Specifically, to the name  www.condominiopartners.pt  corresponds the IP address  188.72.202.158  or,  10111100 01001000 11001010 11001010  in binary code, the one the machine understands.

In the present context we only are concerned in knowing how the machine does to discover this relation. In what concerns the IP addresses, the way of addressing and routing, we will analyze in a separate paragraph.

DNS is both a huge Database (DB) spread over a multitude of servers and a protocol that works in the browser and is usually used by HTTP, SMTP and FTP, for example.

Then the browser takes the URL from URN (Uniform Resource Name). So, from the URL

http://www.condominiopartners.pt/index.html  takes the URN  www.condominiopartners.pt  and passes it to the DNS client-side application, which sends a query to DNS server with the URN obtained. The DNS client then receives a reply with the IP address corresponding to the name that was defined by the URN.

Easy, isn’t it?

At least it seems to be. But now comes the question. There are currently about 1.4 billion Internet users.

Where is the machine that has the mapping of all these addresses?

Obviously it would not be possible to have all those addresses focused on a machine.

  • The distance for many machines would be enormous.
  • The input of that machine would be permanently saturated and waiting times would be enormous.
  • Due to the size of the database and the huge traffic over the same query times would also be quite large and its maintenance a huge job.

The solution found was the distribution of the BD in a hierarchical fashion, by a huge number of machines around the world.

So, my local name server begins to contact a root name server, i.e., a server which knows the addresses of the servers who know the Internet Top Level Domains (TLD), such as com, org, edu, gov, net , … , pt, es, fr, de, eu, uk, us, br, etc.

Then we obtain the addresses for TLD (Top Level Domain) name servers for the TLD pt.

And it will be one of those servers, the one which will be contacted, to provide the addresses of authoritative name servers for the name condominiopartners.pt.

Finally, my name server will contact one of those servers, that will give it the IP address of condominiopartners.pt, specifically 188.72.202.158.

The name servers (root, TLD and authoritative), are always many scattered around the world, for reasons of:

  • Proximity,
  • Load sharing
  • Security (replication)

My DNS name server is one local name server and can be very close to where is my browser.

With this multitude of queries between servers, just to get the Ip adress, we will surely have a significant waiting time.

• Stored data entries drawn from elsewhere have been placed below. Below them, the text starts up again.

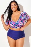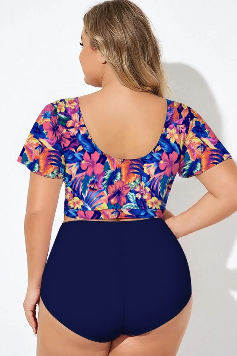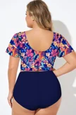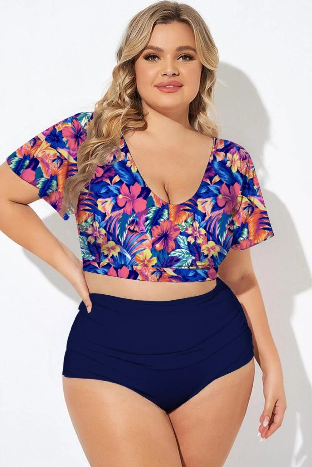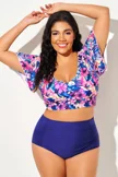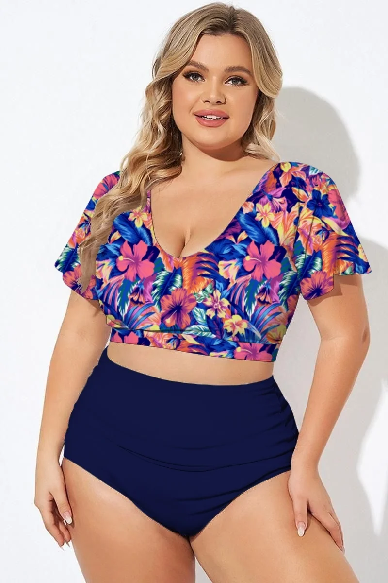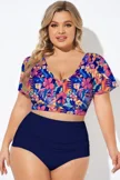 Colorful Floral Print V-neck Flutter Sleeve Bikini Top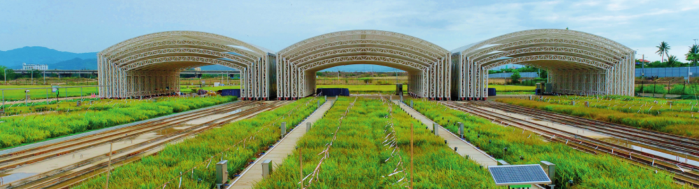 在位于三亞的國家耐鹽堿水稻技術(shù)創(chuàng)新中心崖州灣總部科研試驗(yàn)基地,建設(shè)了高標(biāo)準(zhǔn)試驗(yàn)田、鹽(堿)性精準(zhǔn)鑒定鹽池、自動(dòng)防雨鋼棚、水土鹽堿度智能化監(jiān)測系統(tǒng)等配套設(shè)施(2024年5月17日攝)。黎多江攝/本刊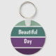 Um padrão horizontal verde e roxo listrado e o texto: Belo Dia. Você pode clicar em personalizar e editar o texto. Escreva duas palavras em uma linha.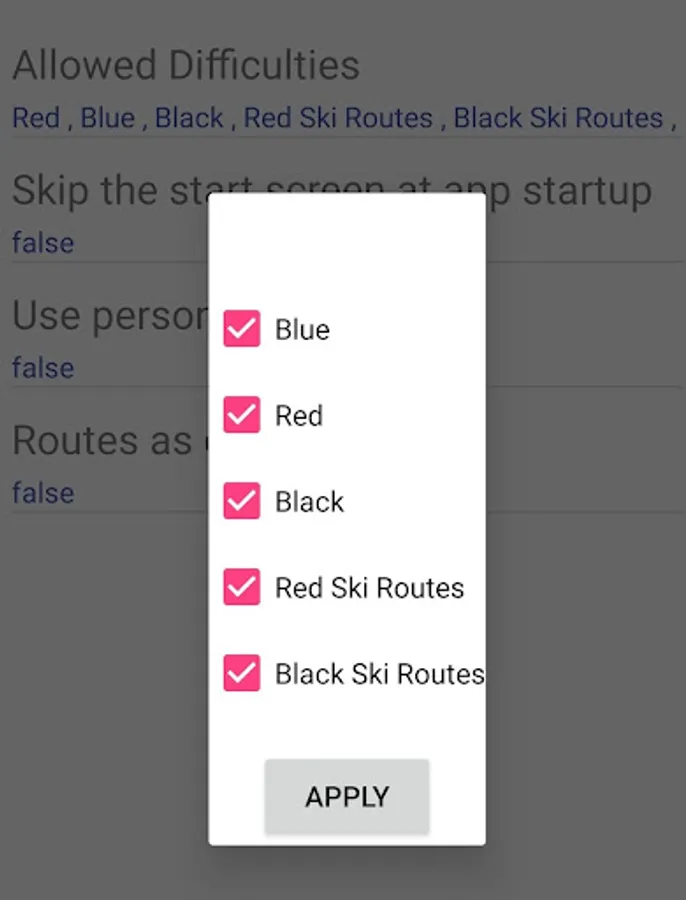 'Ski Connection Finder' also features the ability to exclude certain difficulty levels in the ski routes.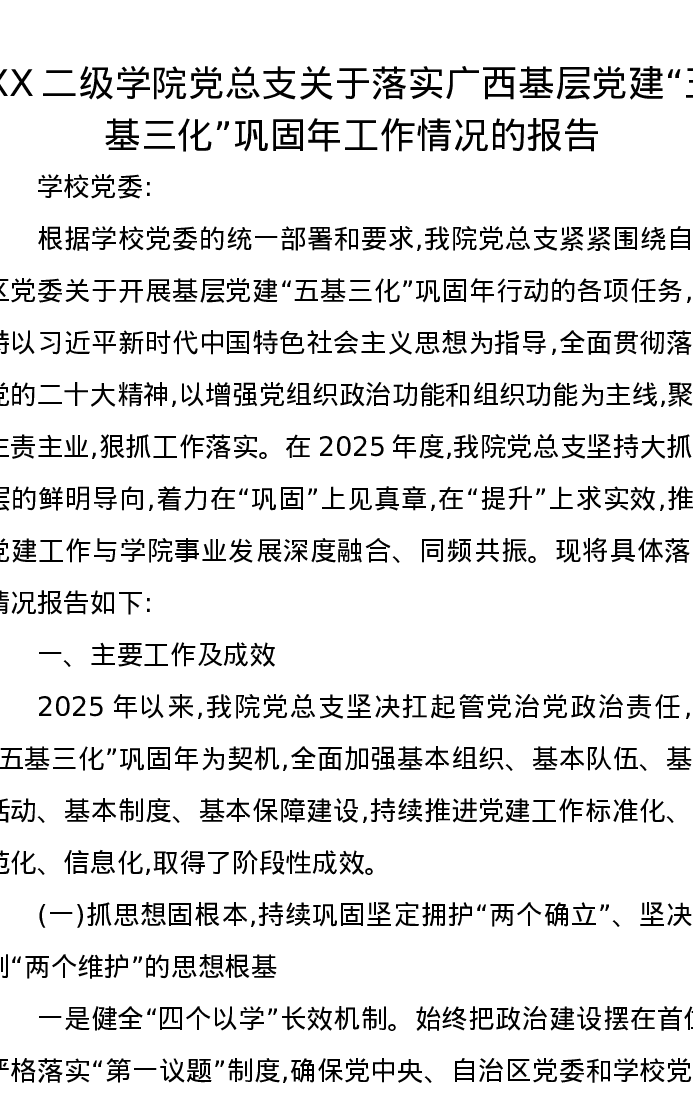 XX二级学院党总支关于落实广西基层党建“五基三化”巩固年工作情况的报告

Correct?

Correct. But to avoid it, each name server has a DNS cache, where it records the results of queries that it performs for a limited amount of time. This allows an immediate response for identical queries. The local DNS server itself does it, thus replacing the authoritative name servers.

DNS (Domain Name System)

The mapping registrations stored in one name server, the Ressource Records (RR), consist of the following fields described in the table of Figure 1 (above).

Ressource Records (RR) composition and main types
Figure 1

From TYPE value depend the content of NAME and RDATA and consequently what a DNS query to a Ressource Record lets you know, as the table in Figure 1 (below).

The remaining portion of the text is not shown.